Est-ce que tout ce que l'on vit ne serait pas juste une question de point de vue ?
Tout va bien pour Léa ! À l'école, elle aime jouer au foot dans la cour avec ses amies. Elle est naturellement douée en maths, comme le sont souvent les filles. Elle sait déjà qu'elle est promise à une brillante carrière, de chirurgienne, huissière ou, pourquoi pas, ministresse ! Quel que soit son choix, elle n'aura pas à s'occuper de ses enfants, puisque c'est leur père qui s'en chargera. Les hommes sont naturellement faits pour ça, non ? « C'est comme ça ! On n'y peut rien ! » a tendance à penser Léa. Mais son père et son frère, Tom, vont la pousser à remettre en question l'ordre établi...
(4e de couverture)
Mon avis :
Florence Hinckel imagine une société inverse à la nôtre, où les femmes sont le sexe dominant. Dans le monde de Léa et Tom, toutes les inégalités et les injustices actuellement subies par les filles concernent les garçons. Le livre est une longue description de "tous les domaines où les filles, les garçons, les hommes et les femmes avaient une place différente."
Dans cette société faisant la part belle aux femmes, avoir ses premières règles est une fête, et non plus une honte. Par contre, l'autrice parle de sexualité de manière très crue: "gouine/lesbienne", "l'accès au plaisir des garçons", allusion à la pornographie ("C'était la photo d'un couple qui faisait l'amour"), exhibitionnisme et prostitution... Toutes ces évocations peuvent choquer les jeunes lecteurs (la collection s'adresse aux enfants de primaire).
Il est aussi question des femmes ayant les mêmes travers que certains hommes actuellement: par exemple, Tom a l'impression que "les femmes à la terrasse des cafés m'observent de la tête aux pieds". Ce genre d'attitude serait-elle propre au "sexe fort" (révélant un sentiment de pouvoir)?
Cette idée de domination sociale des femmes est très intéressante pour ouvrir le débat sur l'égalité garçons-filles, et de manière générale, sur le respect de chacun·e. Cette lecture est sensée secouer les représentations actuelles. Cependant il est dommage que l'autrice n'ait pas développé d'intrigue autour de cet état de faits. J'aurais aimé suivre une histoire un peu plus étoffée, comme ce passage où Tom se révolte face à l'interdit, pour les garçons, de porter un short à l'école.

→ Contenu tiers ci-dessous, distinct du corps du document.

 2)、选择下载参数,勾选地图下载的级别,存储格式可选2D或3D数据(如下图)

A voir si c'est différent dans le tome 2!
Patricia Deschamps, novembre 2024
Le monde n'est pas facile pour personne quand on grandit.

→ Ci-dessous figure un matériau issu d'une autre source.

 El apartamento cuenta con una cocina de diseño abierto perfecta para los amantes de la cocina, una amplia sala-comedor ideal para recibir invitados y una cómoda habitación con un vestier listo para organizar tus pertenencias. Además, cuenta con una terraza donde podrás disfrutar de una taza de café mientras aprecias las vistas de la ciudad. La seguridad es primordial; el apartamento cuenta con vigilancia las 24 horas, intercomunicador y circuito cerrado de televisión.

Léa et Tom ont 15 ans. Les temps ont changé depuis que Tom s'est battu pour avoir le droit de porter des shorts à l'école primaire. Léa n'est plus derrière lui comme avant quand il s'élève contre les injustices qui frappent les garçons. Alors qu'ils préparent leur anniversaire, Léa tente de comprendre Tom, qui vit un sexisme plus fort que lorsqu'il avait 10 ans.
(4e de couverture)
Mon avis :
Quand j'ai lu dans la note de l'autrice que "toute la langue est féminisée" dans ce tome 2, y compris les expressions courantes, j'ai trouvé que c'était un peu extrême. "Il faut" devient "elle faut", "tout" et "ça" sont systématiquement accordés au féminin, et on voit passer des "à présente" et des "pour de vraie"... Par ailleurs, au niveau du contenu, le principe reste le même: "réfléchir au sexisme" sans réelle intrigue à part l'organisation d'une fête d'anniversaire commune ("mélanger les filles et les garçons"), ce que Tom refuse à cause du "female gaze", le "regard féminin" qui fait que les garçons se sentent considérés comme des objets de désir.

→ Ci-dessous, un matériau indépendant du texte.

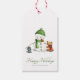 Minimalist Christmas gift tag with an illustration of a snowman and his bear and dog friends. Great for the upcoming season. Illustrated and designed by Patricia Alvarez.

Le texte devient plus attrayant lorsque les réflexions sur le sexisme sont exposées à travers des dialogues. Tout commence avec l'oncle Gabriel, célibataire sans enfants (à 35 ans) et qui n'en veut pas. Très intéressant également le passage sur l'andrologue, équivalent de notre gynécologue, et notamment la "charge contraceptive" ("Les hommes doivent prendre la pilule ou se faire poser dans le corps un autre moyen de contraception. Il n'y a rien de plus logique puisque eux sont fertiles tout le temps, alors que les femmes ne le sont que quelques jours par mois.").
Ainsi l'autrice passe en revue, pour les garçons, toutes les revendications féministes actuelles: l'épilation, la taxe "bleue" (les produits plus chers selon le sexe), la main aux fesses, etc. L'idée est toujours de, à travers cette société "renversée", prendre conscience des injonctions sociales ("Ça ne se fait pas") car "c'est le début de tout".